Het afgelopen half jaar trof het coronavirus ouderen onevenredig hard, evenals de gevolgen van de maatregelen om een verdere verspreiding van het virus tegen te gaan. Hoe het mensen die in verpleeghuizen verging die niet meer door hun familie en vrienden konden worden bezocht, kreeg in de media ruime aandacht. Maar corona en de coronamaatregelen hadden ook ernstige gevolgen voor thuiswonende migrantenouderen. Voor hen en hun mantelzorgers brak een heel moeilijke periode aan.
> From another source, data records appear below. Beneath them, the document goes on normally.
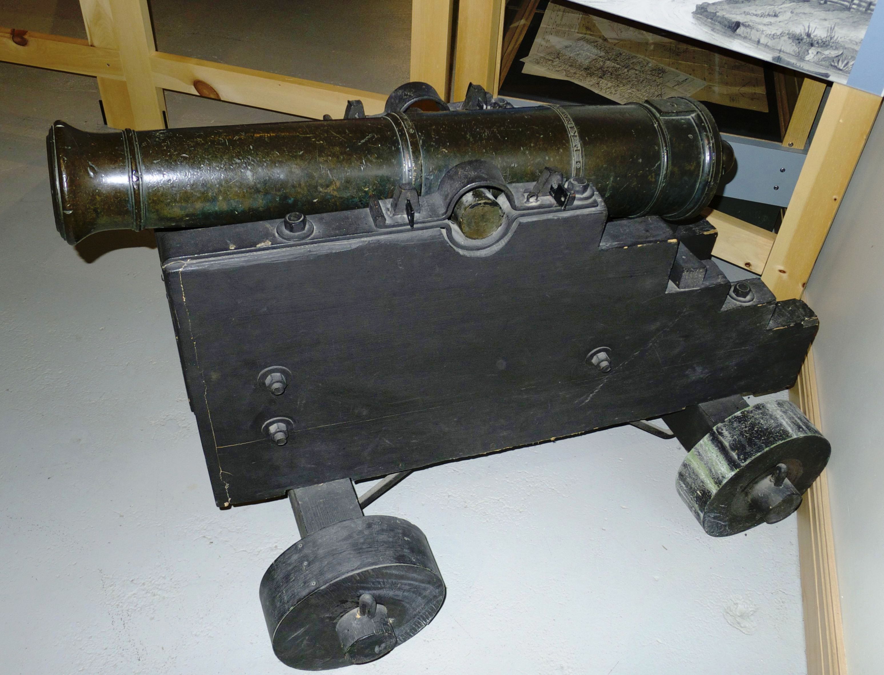 Bronze 3-pounder 2-cwt Smoothbore Muzzleloading Gun, weight 2-0-14 (238 lbs), (F. Kinman, 1812) on the chase (Francis Kinman at Woolwich, England), (Serial No. 447) on right trunnion, 3-inch bore, length 36 inches, mounted on a wood Naval Gun carriage.  Hudson’s Bay Company gun with spiked vent. No. 2 of 2.
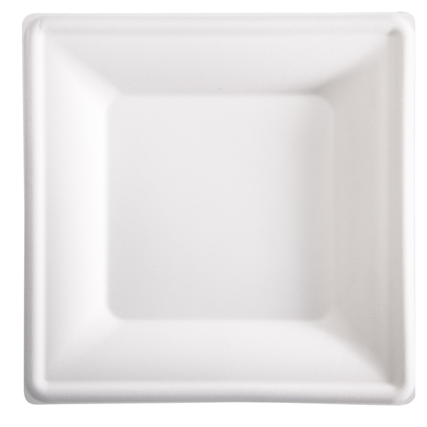 Fibra di canna da zucchero. Prodotto idoneo al contatto con alimenti secondo il regolamento CE n gradi 1935/2004 e successivi aggiornamenti. Prodotto conforme ai requisiti della Direttiva 94/62/CE per quanto riguarda il contenuto dei metalli pesanti. Non contiene sostanze sottoposte a restrizioni nelle legislazioni attualmente in vigore sui Food Contact Material. Il prodotto e' monouso. Conservare il prodotto in luogo asciutto e lontano da fonti di calore (0 gradi C +35 gradi C). Max 180 gradi per 10 min in forno e max 800W in microonde per 2 min. Utilizzabile in freezer -18 gradi C. Cibi caldi max 90 gradi C per 30min. Max 6 ore a contatto con alimenti. Dimensioni: 26x26cm - H 1,8cm Peso unitario: 28gr.
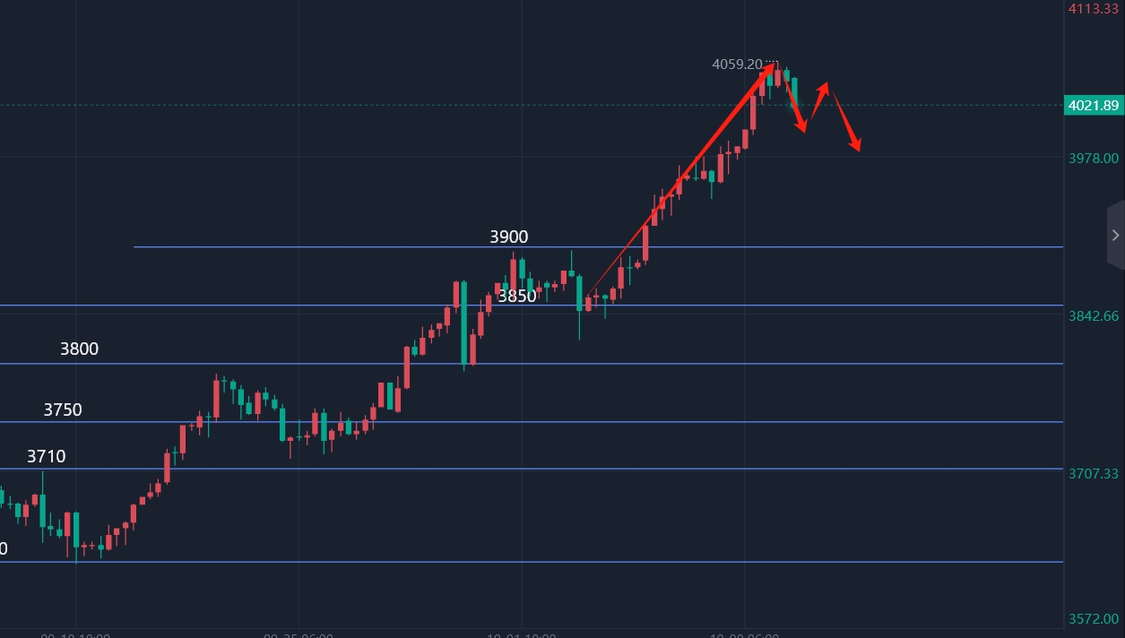 仅在4059(当前新高)附近或4060-4065区间(下一测算压力位)轻仓试空,止损设对应压力位上方5-8个点,目标仅看10-15个点回调,不可贪心持有,回调后及时止盈离场。
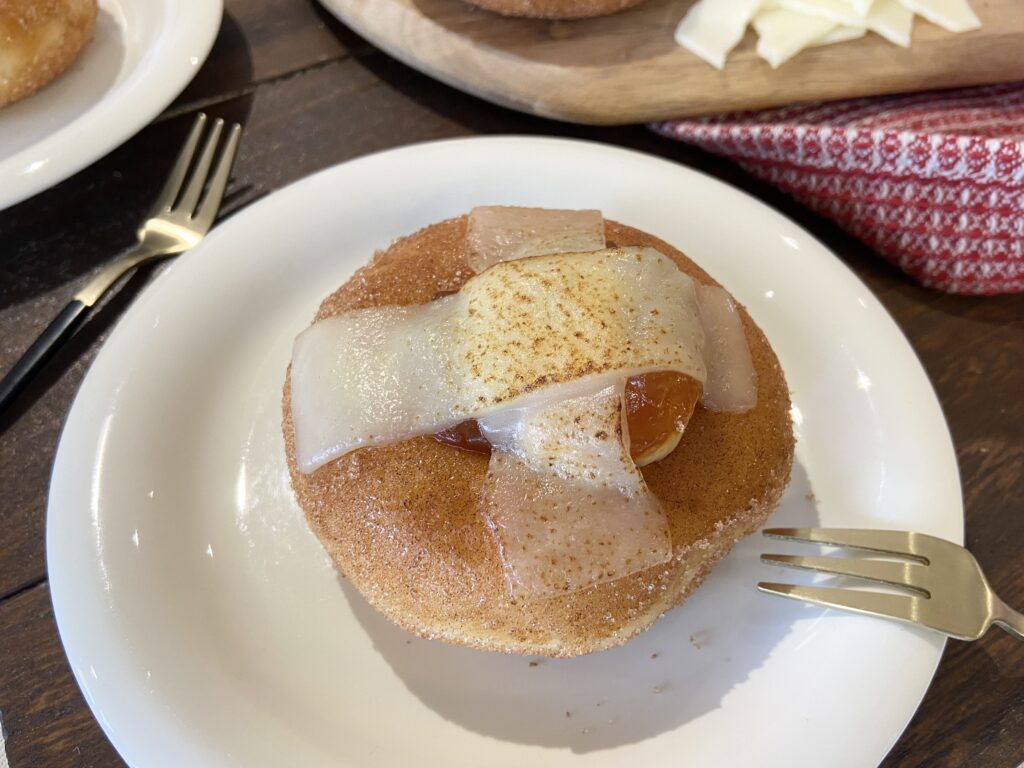 「クリスピー・クリーム・プレミアム シナモンアップルパイ with モントレージャックチーズ」を実際に食べてみた感想ですが、ドーナツということを一瞬忘れてしまうほど、アップルパイ感が強い! チーズを炙る工程を取り入れられていることで、香ばしさがさらにアップしていて、キャラメルアップルの香りがより引き立っているように感じます。
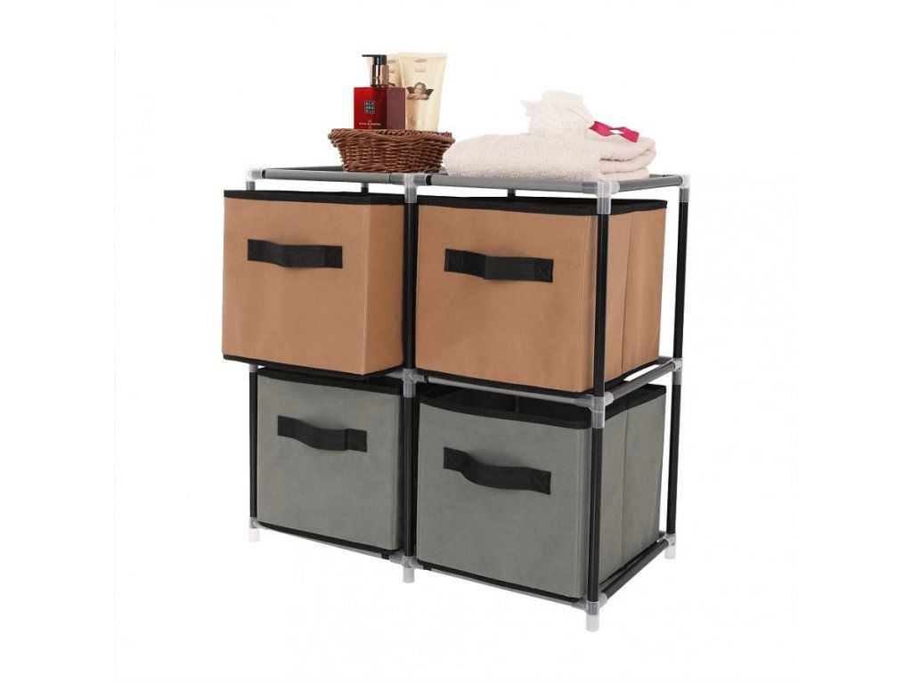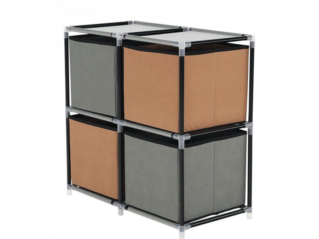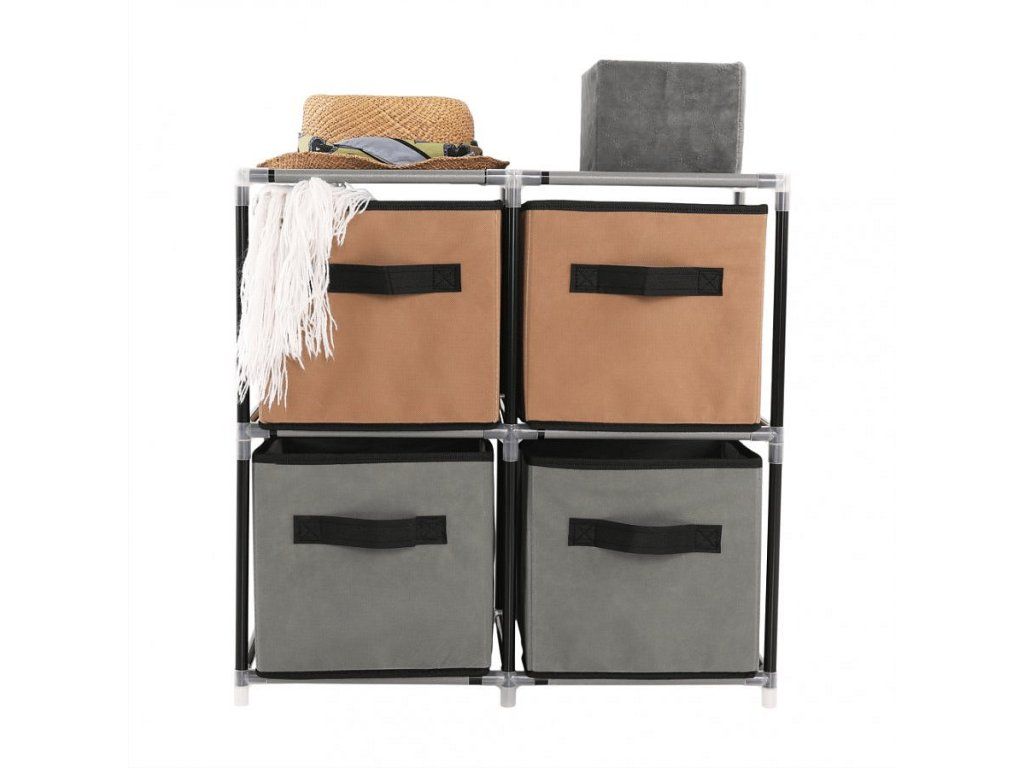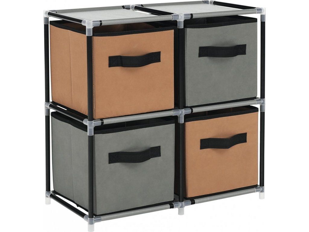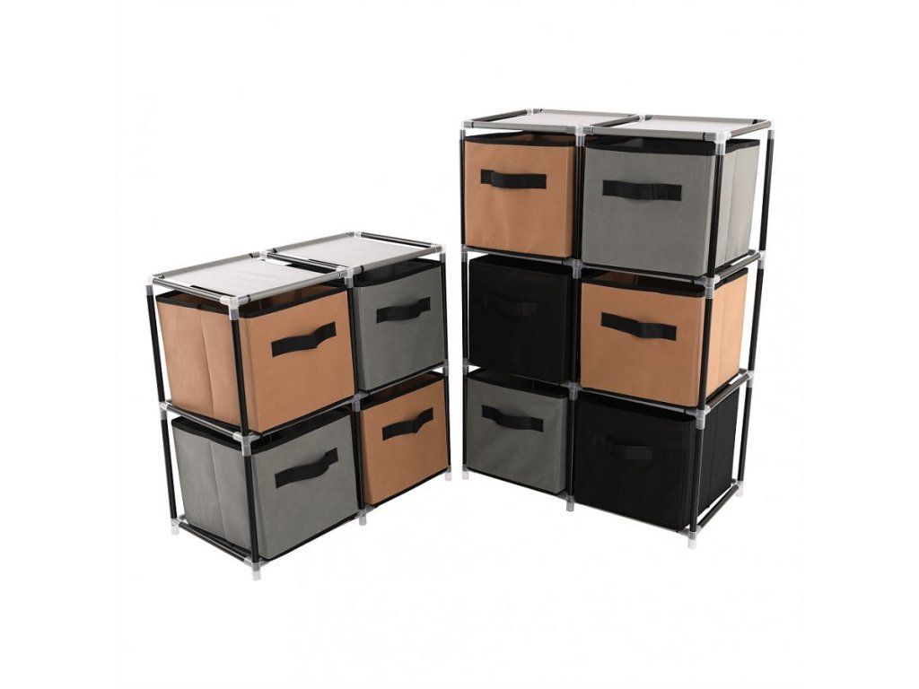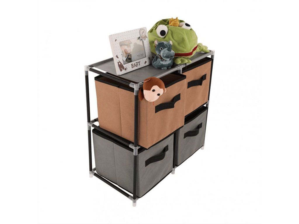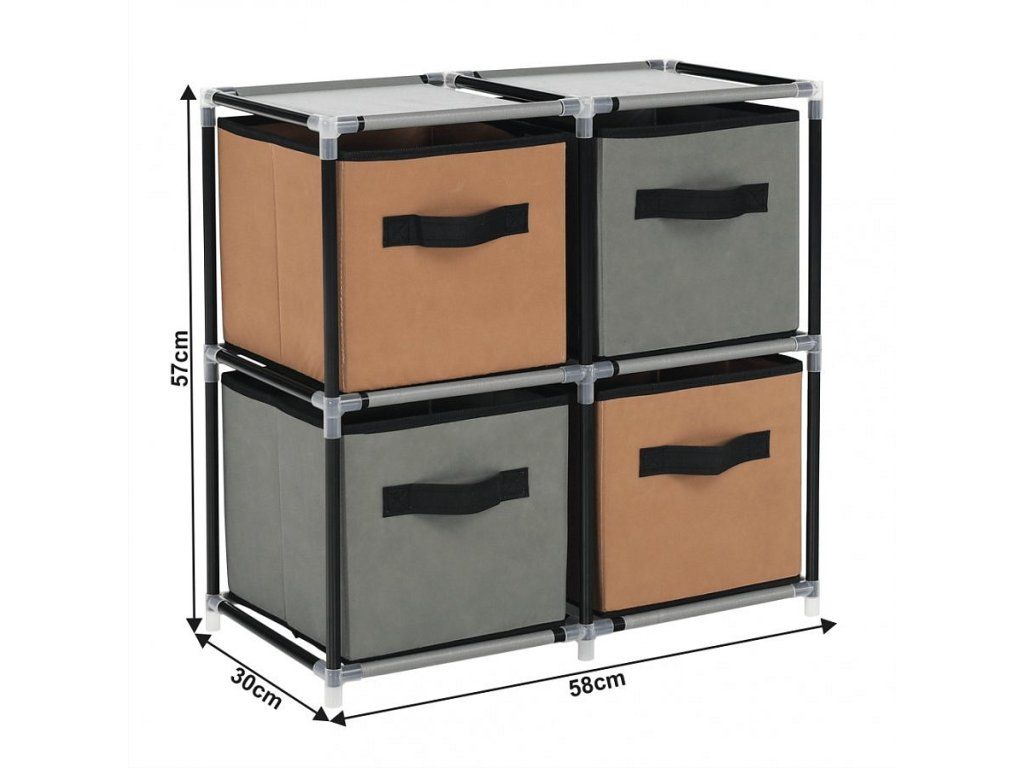 Materiál konstrukce: kov Barva: černá Materiál šuplíky: látka Barva: hnědá / šedá Materiál spojovací díly: plast Rozměry (ŠxHxV): 58x30x57 cm čtyři šuplíky Praktická kovová konstrukce látkové šuplíky S úchytkami Plastové spojovací díly jednoduchá montáž Různé varianty poskládání Dodávané v demontu

Hoe zij deze periode van corona en ‘de anderhalve meter samenleving’ beleven en beleefden komt in dit verslag aan de orde. NOOM wil aandacht vragen voor hun situatie. Dit doet zij door sleutelfiguren van het NOOM aan het woord te laten die via hun (vrijwilligers)werk in contact staan met migrantenouderen. Hoewel een deel van hun (vrijwilligers)werk en/of activiteiten in maart stopten, onderhielden zij wel contact met de ouderen. Zij doen hier hun verhaal.
Introductie
Over de wijze waarop de situatie van de oudere migranten veranderde en hoe de ouderen de lockdown ervaren hebben, doen praten we met 4 sleutelfiguren van het NOOM: Münevver Yalniz, werkzaam bij Dona Daria, een kenniscentrum voor emancipatie in Rotterdam; Rita Raghoebarsing, coördinator van de Rotterdamse afdeling van de Nederlandse Hindoe Ouderenbond; Marzouka Boulaghbage, medeoprichtster van Stichting Al Amal, een organisatie die de participatie van gezinnen bevordert en werkzaam bij DOCK in Utrecht als sociaal makelaar en Selahattin Köse die veel voorlichtingsactiviteiten organiseert in (de regio) Amsterdam. Ook thema’s als eenzaamheid, toegang tot informatie, initiatieven in coronatijd en herstart van activiteiten, het levenseinde en oude en nieuwe inzichten, komen aan de orde.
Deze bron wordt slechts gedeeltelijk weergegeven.